Personal information
- Nationality: Cuba
- Born: 15 January 1983 (age 43) Ciego de Ávila, Cuba
- Height: 1.69 m (5 ft 7 in)
- Weight: 66 kg (146 lb)

Sport
- Sport: Wrestling
- Event: Greco-Roman
- Club: Cerro Pelado
- Coached by: Pedro Val

Medal record
Men's Greco-Roman wrestling
Representing Cuba
Pan American Games
| Bronze medal – third place | 2007 Rio de Janeiro | 66 kg |
World Championships
| Bronze medal – third place | 2005 Budapest | 66 kg |

= Alain Milián =

Cuban Greco-Roman wrestler

Alaín Milián (born 15 January 1983) is an amateur Cuban Greco-Roman wrestler, who played for the men's welterweight category. He won two bronze medals for his division at the 2005 World Wrestling Championships in Budapest, Hungary, and at the 2007 Pan American Games in Rio de Janeiro, Brazil.

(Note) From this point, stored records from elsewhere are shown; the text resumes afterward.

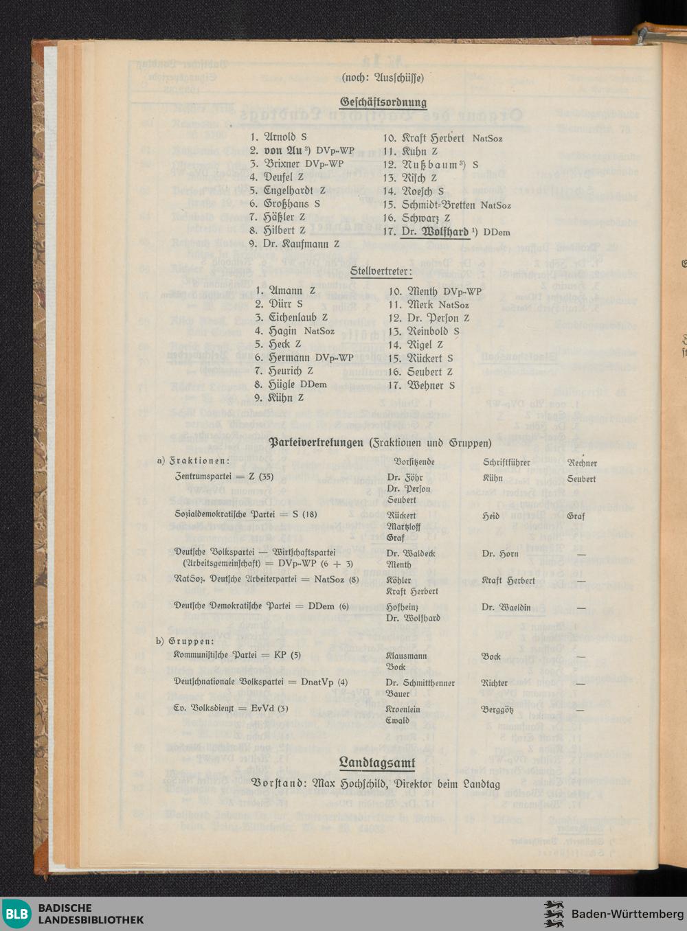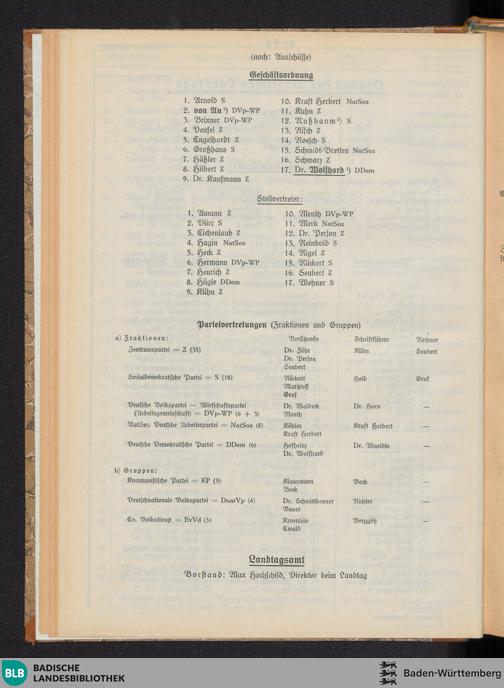 Nr. 1 a. Organe des Badischen Landtags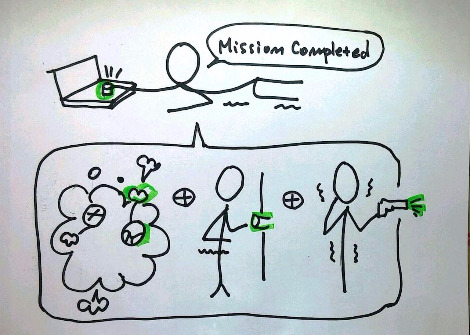 주인공 톰 크루즈가 적에게서 핵미사일을 제어할 수 있는 가방을 빼앗아 멈춤 버튼을 누르지만, 버튼은 작동하지 않는다. 통제실의 전원이 들어오지 않았기 때문이다. 이 전원의 회복을 위해 나머지 팀원들은 필사적인 노력을 한다. 이 장면이 인상적이었던 것은 부상을 입은 팀원을 대신해 총과 가장 거리가 먼 IT 전문가가 총을 쏘는 등, 팀원 각자가 원래의 역할이 아닌 일을 했을 때 미사일이 제어되고 미션이 완성되었기 때문이다.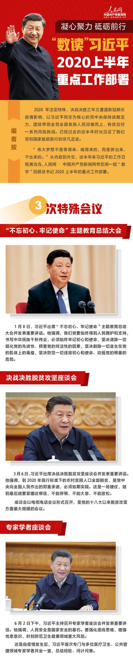 細數今年上半年,習近平夙夜在公,勤勉工作,不斷刷新“忙碌指數”:數十次出席重要會議部署各項工作,8次國內考察,調研足跡遍及7省區(qū)市,3次出席國際重要會議并發(fā)表講話,20余次致信、回信海內外人士,60次就疫情防控等話題與40余位外國政要和國際組織負責人通電話……人民網·中國共產黨新聞網推出系列圖解報道,帶您全方面回顧習近平的2020上半年。
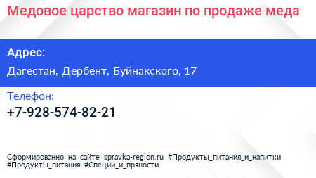 Медовое царство, магазин по продаже меда по адресу Дагестан, Дербент, Буйнакского, 17 в дальнейшем Организация, размещена в следующих категориях:

Milian represented Cuba at the 2008 Summer Olympics in Beijing, where he competed for the men's 66 kg class. He lost the qualifying match to France's Steeve Guénot, who was able to score five points in two straight periods, leaving Milian with a single point. Because his opponent advanced further into the final match, Milian offered another shot for the bronze medal by entering the repechage bouts. He defeated Hungary's Tamás Lőrincz in the first round, before losing out his next match to Belarus' Mikhail Siamionau, with a two-set technical score (1–1, 1–3) and a classification point score of 1–3.